This project focuses on network traffic classification using multiple Machine Learning (ML) models.
The dataset used is UNSW-NB15, which contains both normal and attack traffic of various types (Fuzzers, DoS, Shellcode, etc.).
The goal is to implement different ML approaches to accurately classify network traffic and analyze model performance.
📂 ml-network-traffic-classification-unsw-nb15
│── 📂 data/ # datasets
│ ├── 📂 processed/
│── 📂 eda/ # exploratory data analysis
│── 📂 models/
│ ├── 📂 svm_binary/ # binary classification using SVM
│ ├── 📂 svm_multiclass/ # multiclass classification using SVM
│── 📂 preprocessing/
│── 📂 visualizations/ # plots
│ ├── 📂 general/
│ ├── 📂 svm_binary/
│── 📜 README.md
│── 📜 LICENSE
The UNSW-NB15 is a comprehensive data set for network intrusion detection systems, created by dr. Nour Moustafa and dr. Jill Slay.

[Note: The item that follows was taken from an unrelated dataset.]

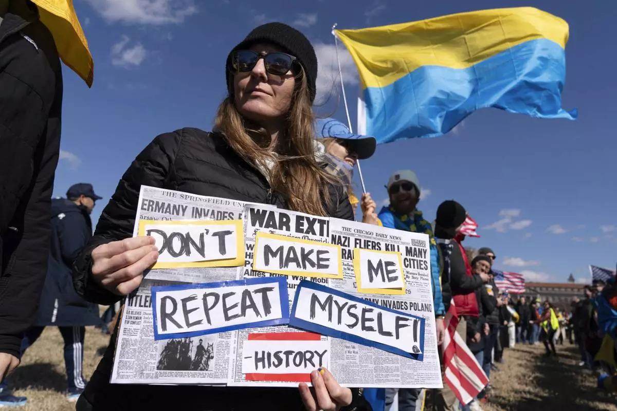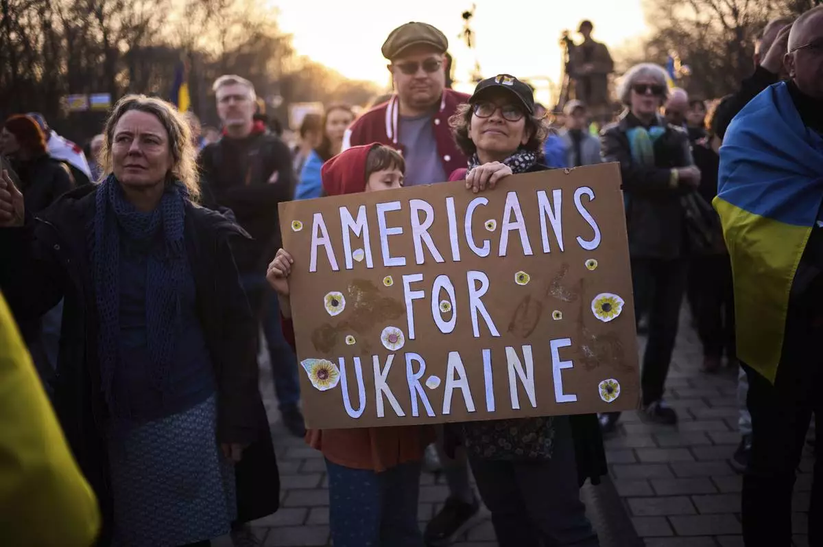 Demonstrators protest during a rally in support of Ukraine at The Ellipse near the White House in Washington, Saturday, March 8, 2025. (AP Photo/Jose Luis Magana)

A detailed explanation of the dataset can be found on their original paper and on the UNSW-NB15 page.
The dataset is comprised of labeled network traffic data including both normal and attack network traffic.
The dataset consists of 49 features including both numerical and categorical attributes.
The attack-labeled network traffic data contains nine different attack categories:
- Fuzzers – Attempts to cause a program or network suspended by inputting large amounts of random data.
- Analysis – Attacks involving reconnaissance and vulnerability scanning.
- Backdoors – Unauthorized access mechanisms that allow attackers to bypass authentication and gain remote control over a system.
- DoS (Denial of Service) – Attacks that flood a network or system with excessive requests, making it unavailable to users.
- Exploits – Attacks that take advantage of known system vulnerabilities.
- Generic – Attacks that target cryptographic weaknesses in encryption algorithms.
- Reconnaissance – Network scanning for gathering information.
- Shellcode – Code injection attacks exploiting buffer overflows.
- Worms – Self-replicating malware that spreads across networks.
- Python (fastparquet, pandas, numpy, scipy, sklearn, matplotlib, seaborn, joblib)
model = SVC(kernel='poly', cache_size=500, probability=True)
- Accuracy: 0.8729291162609921
- Precision: 0.8679978048883448
- Recall: 0.9071737404041296
- f1 score: 0.8871534893754719
- ROC AUC: 0.9408879134362458
This project is open-source and available under the MIT License.